A stock that rises 20% to 25% from its buy point presents a choice. Do you hold or take the profit? Several factors can legitimately influence that decision.
One: If the stock’s 20% gain comes in the first two or three weeks after the breakout, then the stock should be held for at least eight weeks — barring outright sell signals. The great stocks often get a fast start. You don’t want to sell such a stock too early.
Two: If the stock took longer to reach the 20% mark but has three quarters of EPS acceleration in a row, you might want to hold the stock.
Even Great Stocks Take A Break
Three: If the 20% gain came slowly and from a second-stage base or later, you should sell. Most stocks correct after a 20% to 25% gain. A third-stage base is prone to fail. So, why hold for that?

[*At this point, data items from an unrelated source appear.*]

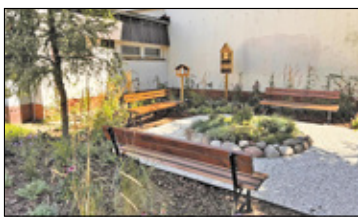
||| Otwock - Edukacyjny ogródek w „4” s. 3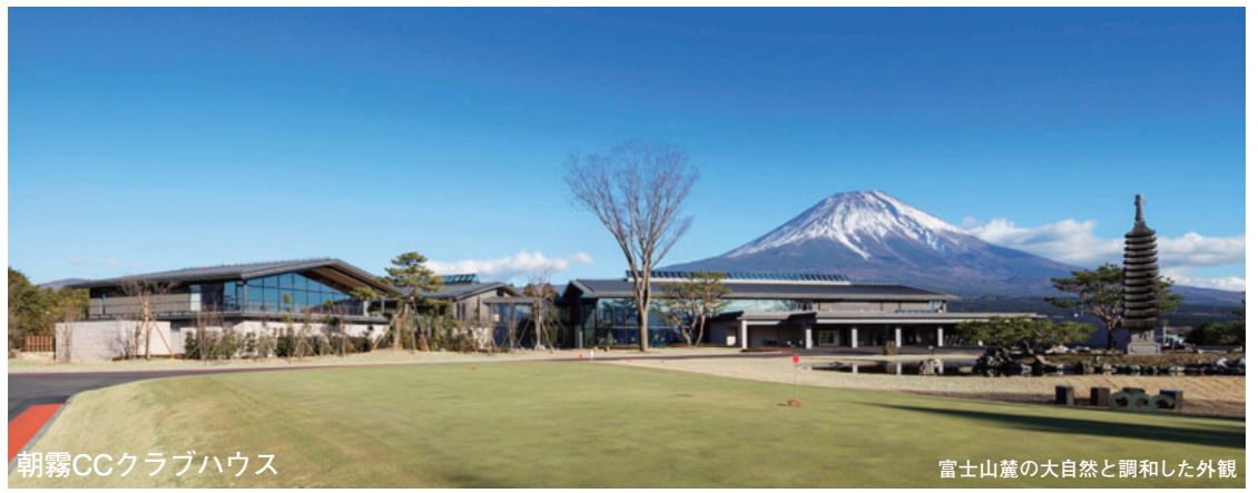
朝霧CCクラブハウス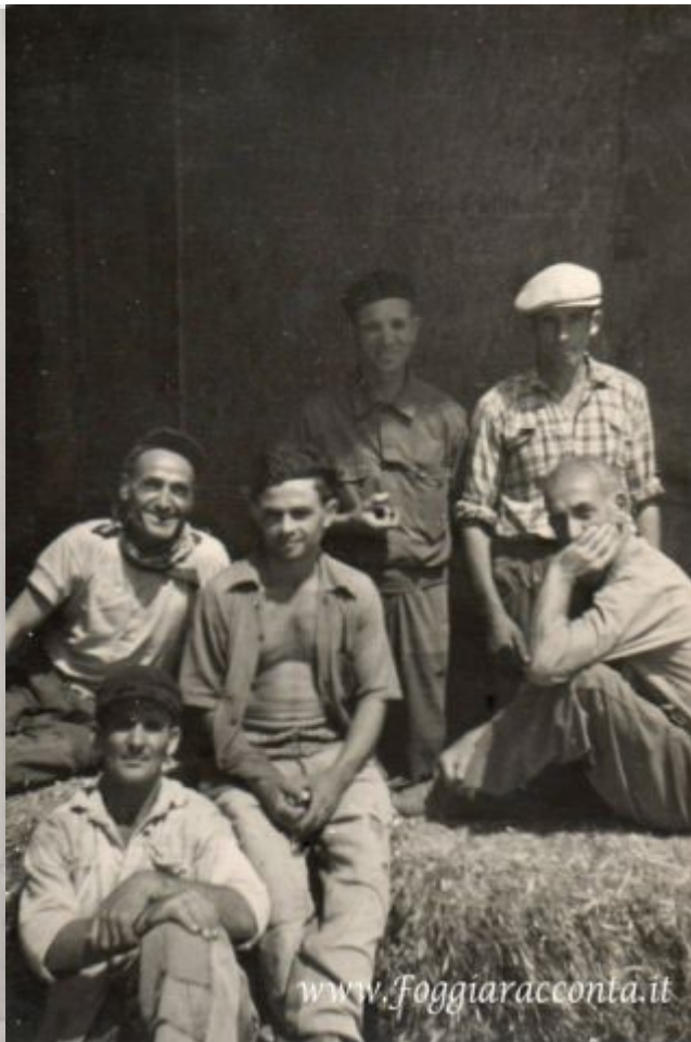
Alcuni soci-lavoratori della Nuova San Michele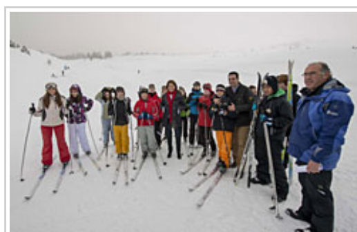
La Presidenta Barcina y el consejero Alli, con alumnos del colegio San Ignacio de Pamplona

La Presidenta de Navarra, Yolanda Barcina Angulo, ha visitado esta mañana las instalaciones de Belagua (Valle de Roncal), uno de los dos escenarios junto con el de Abodi (Valle de Salazar), en el que se desarrolla la campaña escolar de esquí de fondo, que cumple este año su trigésimo aniversario. A lo largo de su historia, más de 107.000 escolares navarros han participado en alguna de sus ediciones.

Four: If the gain came in an erratic fashion, sell. It doesn’t matter if the stock or the general market is to blame. Such a stock is likely to move against you quickly.
Five: If you have taken a 7% or 8% loss recently, then the bias tilts toward taking the profit in the 20% to 25% gainer. It is prudent to keep a 3-1 ratio between gains and losses. You can be right just once every four tries and still break even or make a small gain.
Six: If you have taken several 7% to 8% losses and have no stock up 20% to 25%, consider taking smaller profits to erase the losses. You should then step back and study your buys and sells to determine the reason you are losing.
When To Really Get Defensive
If the market is the problem, you need to raise cash and stay out of the market. If you are the problem, you need to adjust your approach to avoid losing more money.
If several stocks you sold put a 10% dent in your portfolio, that’s OK if winners have boosted your portfolio 30%. You must, however, take the profits at some point. Paper gains are imaginary until a sell makes them come true.
Avenue Supermarts cleared a Rs 1,288.65 buy point in the consolidation base on February 23. Volume was heavy.
After clearing the base, the stock took about 14 weeks to reach the 20% profit level. Daily trading ranges were wide — not ideal.
Given the loose action, taking the profit would have made sense.
After hitting the 25% profit level on May 31, the stock observed profit booking amid weakness in the overall market. While the stock rebounded from its 50-DMA on June 6, trading volume was below-average, indicating low buying interest from institutional investors. The stock then went on to hit a record high of Rs 1,623 on June 13, but witnessed a downside reversal and closed near the day’s low. Subsequently, it saw five back-to-back down sessions, breaching its 50-day line and correcting 10% from its all-time high.